Monday, February 18, 2008

Scientific American's Grand Plan

sun power

If you're paying attention, you know that the U.S. desperately needs to transform its energy strategy to reduce fossil-fuel use and minimize carbon emissions. The proposals trickling out of Congress are generally tepid half measures that fail to address the critical nature of the problem.

Scientific American put a group of their analysts to work and crafted a grand plan to eliminate dependence on imported oil. And, best of all, the cost is much less than what the country is spending today on ill-advised military adventures around the world.

The linchpin of the plan is solar electricity. From the article:

Solar energy’s potential is off the chart. The energy in sunlight striking the earth for 40 minutes is equivalent to global energy consumption for a year. The U.S. is lucky to be endowed with a vast resource; at least 250,000 square miles of land in the Southwest alone are suitable for constructing solar power plants, and that land receives more than 4,500 quadrillion British thermal units (Btu) of solar radiation a year.

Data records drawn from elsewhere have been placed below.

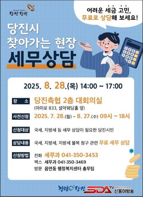 À̹ø »ó´ãÀº 8¿ù 28ÀÏ ¸ñ¿äÀÏ ¿ÀÈÄ 2½ÃºÎÅÍ 5½Ã±îÁö ´çÁøÃà»ê³óÇù(¾Æ¹Ì·Î 833, ¼³¾Ç¿þµùȦ ¿·) 2Ãþ ´ëȸÀǽǿ¡¼­ ÁøÇàµÇ¸ç, ´çÁø½Ã¹Î ´©±¸³ª ±¹¼¼ ¹× Áö¹æ¼¼ Àü¹Ý°ú Áö¹æ¼¼ ºÒº¹ û±¸ µî¿¡ ´ëÇØ Àü¹® ¼¼¹«»ç¿Í 1:1 ¹«·á ´ë¸é »ó´ãÀ» ¹ÞÀ» ¼ö ÀÖ´Ù.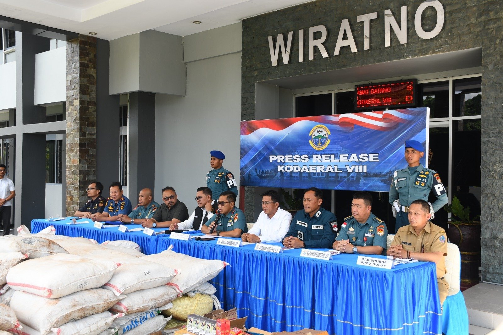 Dalam kesempatan tersebut Wadan Kodaeral VIII menyampaikan Penindakan tersebut dilakukan pada Minggu, 8 Februari 2026, oleh Tim QR-8 Kodaeral VIII, Satgas Gabungan dan Bea Cukai Kanwil Sulawesi Utara, berdasarkan informasi intelijen terkait rencana penyelundupan barang ilegal menggunakan truk ekspedisi.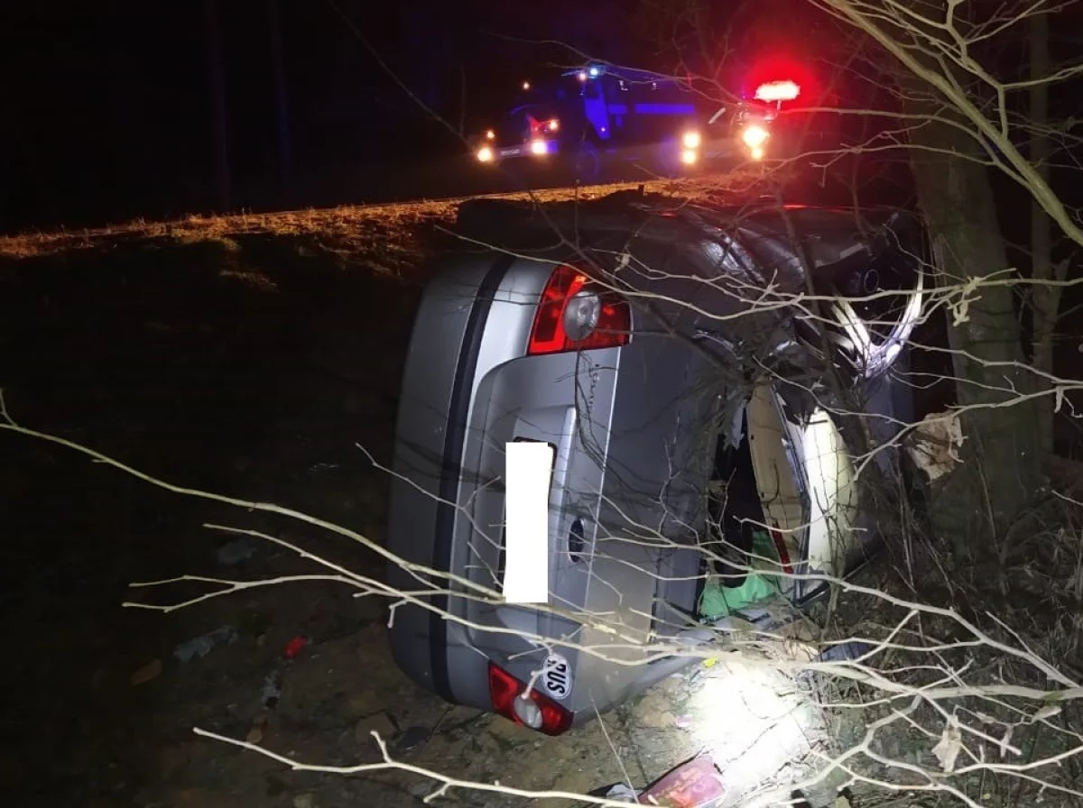Этой ночью в Боровском районе в кювет улетел автомобиль.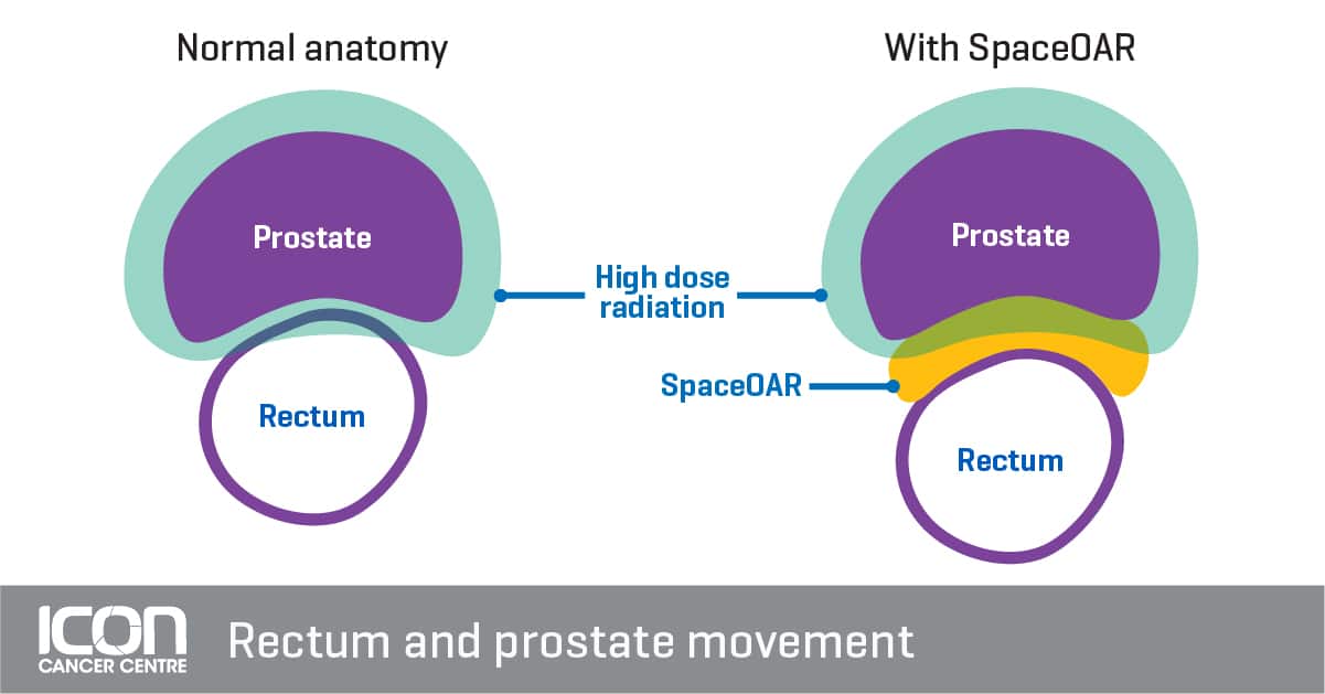 Hydrogel is a gel-like substance that is implanted between the prostate and rectum in a minimally invasive procedure by a urologist. At Icon, we use a hydrogel known as SpaceOAR Hydrogel. SpaceOAR stands for Space Organs At Risk, as it protects the rectum during radiotherapy treatment of prostate cancer to reduce the risk of potential side effects.

Converting only 2.5 percent of that radiation into electricity would match the nation’s total energy consumption in 2006.


The plan also describes how development of wind, biomass, and geothermal energy systems could eventually supply 100 percent of the nation's requirements and 90 percent by the year 2100. Energy independence is within reach, but we also need to dramatically scale down the lost dollars being funneled into military interventions.